Полу стало грустно: почему так медленно ползет время?
Внизу, под окном, послышался хриплый старческий кашель. Пол высунулся. В лунном свете белая голова дяди Эба казалась металлической. Он закуривал трубку, искры летели вверх, в синеватую, полупрозрачную мглу. Пол окликнул его.
– Господи Иисусе, мастер Пол! Что это вы сидите тут, как привидение, негр чуть не умер со страху… Вам тоже не спится? Ложитесь-ка в постель да подумайте о чем-нибудь хорошем. Хотя бы о пироге с голубями, что будет завтра у массы Аллисона.
– А помнишь, дядя Эб, – умоляюще сказал Пол, – помнишь, ты обещал мне рассказать про старые годы?

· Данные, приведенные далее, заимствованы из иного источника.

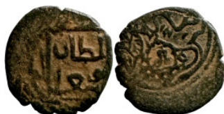
1208 Osman coin 21mm 2,46g Artificial sand patina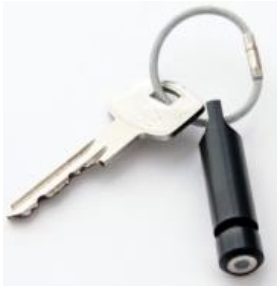
1 – RFID key holder plug and vandal-proof keyring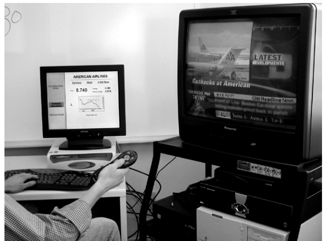
Figure 1. A television viewer receives information on a computer (left) after using the remote control to signal interest in the story currently on the television.

Imagine a viewer is watching a news story about the latest negotiations in the Middle East peace process. He might want to learn about the Palestinian and Israeli reactions to these developments, so while viewing the story he presses the 'interest' button on his remote control. Within seconds, Cronkite provides him with expanded information, on a nearby computer display, related to the story he was watching. The system presents the viewer with maps and a history of the Palestinian-Israeli conflict, as well as information about political leaders, such as Yasser Arafat and Ariel Sharon. Cronkite also provides pointers to related stories from sources such as The New York Times and Google News. If the user wants to learn about the Palestinian and Israeli viewpoints he can navigate to the opinion section, where Cronkite displays summaries and links to stories from the Jerusalem Post and the Al-Ahram. These stories may include coverage of a press conference with the Israeli foreign minister as well as an interview with the Palestinian chief negotiator.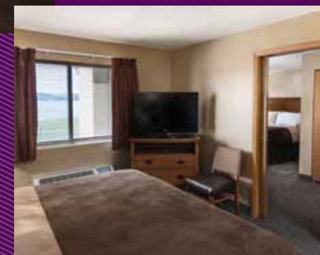
Family Suite Riverside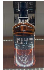
Highland Park's tribute to John Rae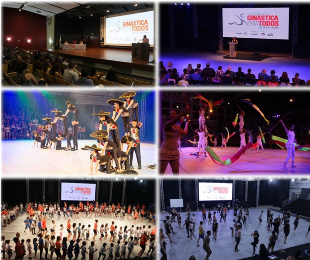
IX International Forum of General Gymnastics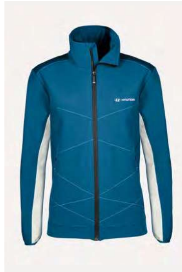
Softshell jacket, men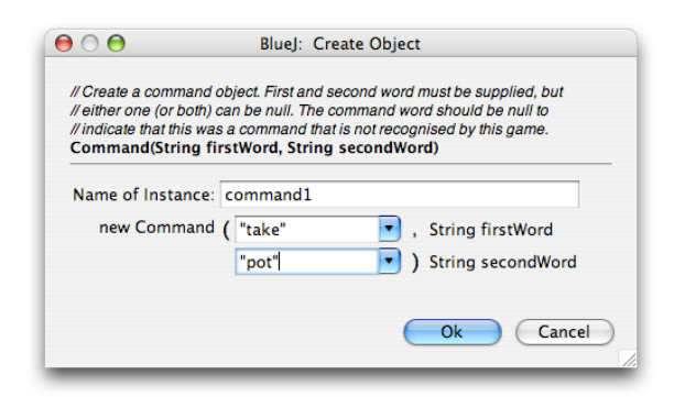
Fig. 3. A creation dialogue

Once the dialogue is confirmed, the constructor is executed and the resulting object is placed on the object bench.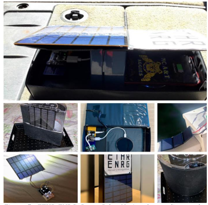
Figure 7: ETHR-ENRG Smart Solar Novice, Intermediate, and Advanced Project Kits Assembled And Working Properly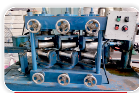
S.S. Pipe Straightening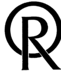
Happy Science logo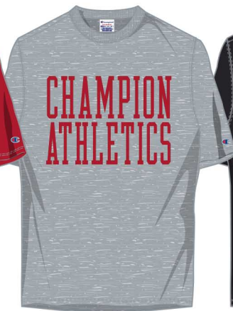
OXFORD HEATHER CH326 (549523)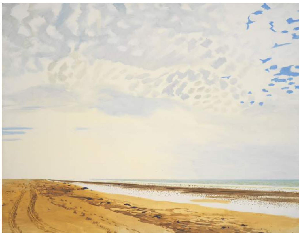
Gilles Aillaud Plage d'Hauteville, 1990

Oil on canvas 78 3/4 × 102 3/8 in Signed and dated Courtesy galerie Loevenbruck, Paris Inv. No. : GA200202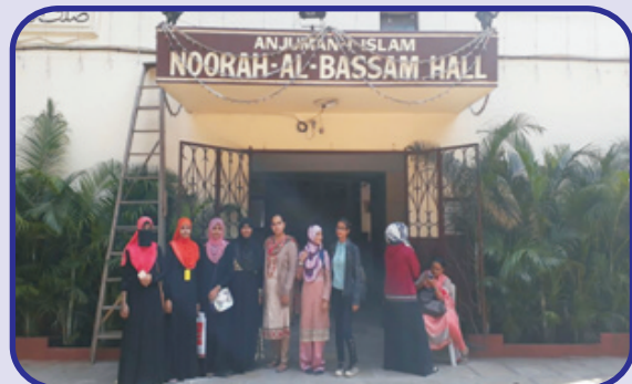
Students along with Co-coordinator at Mehndi Competition, Anjuman Islam Polytechnic.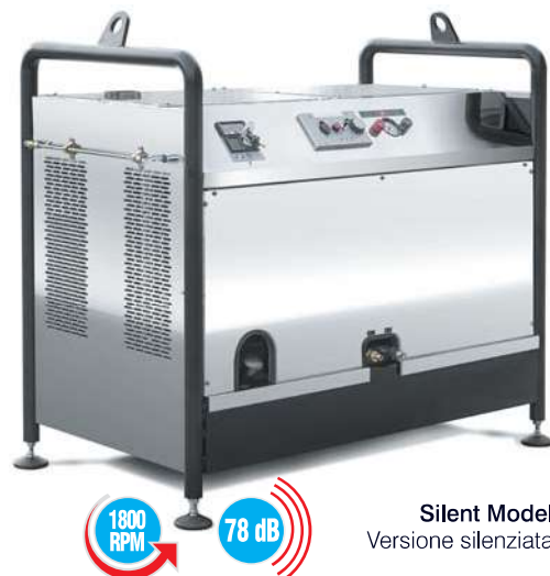
Silent Model Versione silenziosa

– Ты не спишь, и я не сплю… Иди ко мне и расскажи, хорошо?
Старик колебался.
– Ну пожалуйста, дядя Эб…
– Ладно, мастер Пол, иду. Только не говорите ничего миссис Тельсид, а то негру попадет за болтовню по ночам. Иду, мастер Пол.
Пол свернулся под одеялом в тесный клубочек. Дядя Эб загасил трубку и улегся на край постели.
– Я старый негр, мастер Пол, – заговорил он торжественно, – я очень старый негр. Я помню не только англичан, я помню и французов…
Долго рассказывал старый негр…
Пол молчал, громко стуча зубами. Светало, пробуждались первые птицы. В окно потянуло предутренней свежестью. Дядя Эб поднялся и разогнул затекшую спину.
– Поспите немножко, мастер Пол. Дайте-ка я вас укрою.
Стараясь не шуметь, негр спустился по лестнице.
Над черным зеркалом пруда взлетела и рассыпалась первая ракета.
Тр-рах, тр-р-р-рах, трах!
Огненный дождь падал с вечернего неба, отблески медленно угасали в темной воде. Большой низкий с закругленными крыльями дом Аллисонов сиял желтыми огнями. Китайские фонарики – красные, голубые, полосатые – пятнами освещали темную зелень парка. Гравий скрипел под ногами. Светлые платья дам и жилеты джентльменов мелькали среди черных деревьев. Пахло цветущей магнолией.
Бум! Бумм! Ударил барабан в павильоне. Высоко взлетели звуки скрипок, завздыхали фаготы, змеями поползли вкрадчивые флейты. Закрывая глаза, раскачиваясь на стульях, играли негры в красных ливреях. Седой капельмейстер строго помахивал смычком, но хмурился он больше для виду: оркестр играл отлично, с филигранной чистотой выводя пассажи Филидорова «Дровосека».
У ворот усадьбы, увитых гирляндами, шла суета, экипажи подъезжали непрерывно. Джеральд Аллисон в черном сюртуке принимал гостей.
– Миссис Симпсон! – Он склонился к руке толстой дамы в лиловом платье. – Рад вас видеть, Джэк! Гарри, старина, отдайте лошадь конюху и ступайте в сад… Мистер Баркер, мистер Мак-Лиш, добрый вечер! Рад видеть вас у себя… Миссис Дюваль, примите мои восторги: сразу видно, что платье из Парижа… В сад, джентльмены, в сад! Добрый вечер всем, добрый вечер!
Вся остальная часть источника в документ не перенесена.